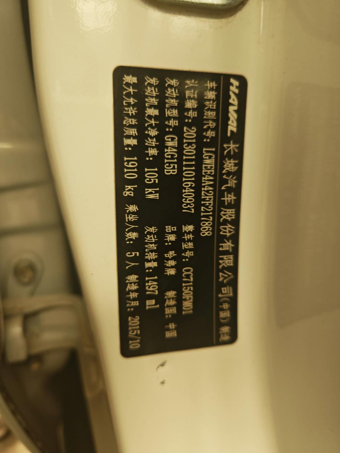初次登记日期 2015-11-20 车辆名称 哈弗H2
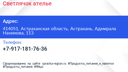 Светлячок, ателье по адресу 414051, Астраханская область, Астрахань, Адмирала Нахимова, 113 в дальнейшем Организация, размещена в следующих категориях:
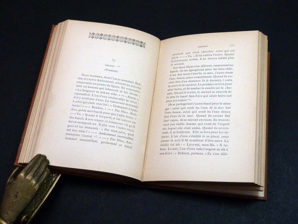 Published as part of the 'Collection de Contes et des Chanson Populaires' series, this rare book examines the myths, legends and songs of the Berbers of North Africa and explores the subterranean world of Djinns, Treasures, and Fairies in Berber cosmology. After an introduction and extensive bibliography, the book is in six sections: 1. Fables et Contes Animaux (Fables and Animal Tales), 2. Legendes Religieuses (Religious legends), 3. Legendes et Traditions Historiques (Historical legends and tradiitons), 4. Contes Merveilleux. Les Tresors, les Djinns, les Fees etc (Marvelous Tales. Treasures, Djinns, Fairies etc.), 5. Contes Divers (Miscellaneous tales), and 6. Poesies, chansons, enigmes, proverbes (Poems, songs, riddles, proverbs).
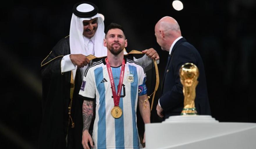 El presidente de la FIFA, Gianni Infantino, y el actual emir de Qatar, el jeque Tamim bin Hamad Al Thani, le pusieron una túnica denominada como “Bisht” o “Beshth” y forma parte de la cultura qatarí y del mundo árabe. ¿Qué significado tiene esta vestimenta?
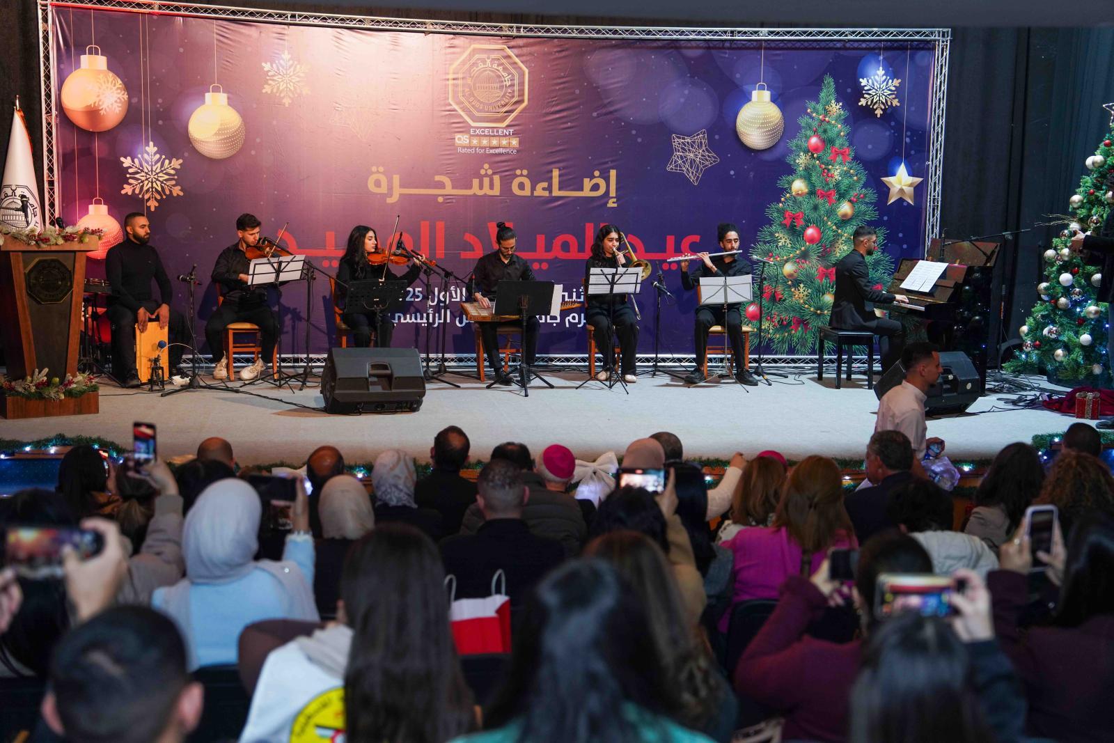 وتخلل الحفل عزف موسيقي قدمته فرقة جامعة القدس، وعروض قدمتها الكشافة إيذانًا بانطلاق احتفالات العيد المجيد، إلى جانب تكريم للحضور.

***

Task requirements >> When pictures appear among the entries, skip them and copy all remaining text precisely.

Written response >>
初次登记日期 2015-11-20 车辆名称 哈弗H2
 Светлячок, ателье по адресу 414051, Астраханская область, Астрахань, Адмирала Нахимова, 113 в дальнейшем Организация, размещена в следующих категориях:
 Published as part of the 'Collection de Contes et des Chanson Populaires' series, this rare book examines the myths, legends and songs of the Berbers of North Africa and explores the subterranean world of Djinns, Treasures, and Fairies in Berber cosmology. After an introduction and extensive bibliography, the book is in six sections: 1. Fables et Contes Animaux (Fables and Animal Tales), 2. Legendes Religieuses (Religious legends), 3. Legendes et Traditions Historiques (Historical legends and tradiitons), 4. Contes Merveilleux. Les Tresors, les Djinns, les Fees etc (Marvelous Tales. Treasures, Djinns, Fairies etc.), 5. Contes Divers (Miscellaneous tales), and 6. Poesies, chansons, enigmes, proverbes (Poems, songs, riddles, proverbs).
 El presidente de la FIFA, Gianni Infantino, y el actual emir de Qatar, el jeque Tamim bin Hamad Al Thani, le pusieron una túnica denominada como “Bisht” o “Beshth” y forma parte de la cultura qatarí y del mundo árabe. ¿Qué significado tiene esta vestimenta?
 وتخلل الحفل عزف موسيقي قدمته فرقة جامعة القدس، وعروض قدمتها الكشافة إيذانًا بانطلاق احتفالات العيد المجيد، إلى جانب تكريم للحضور.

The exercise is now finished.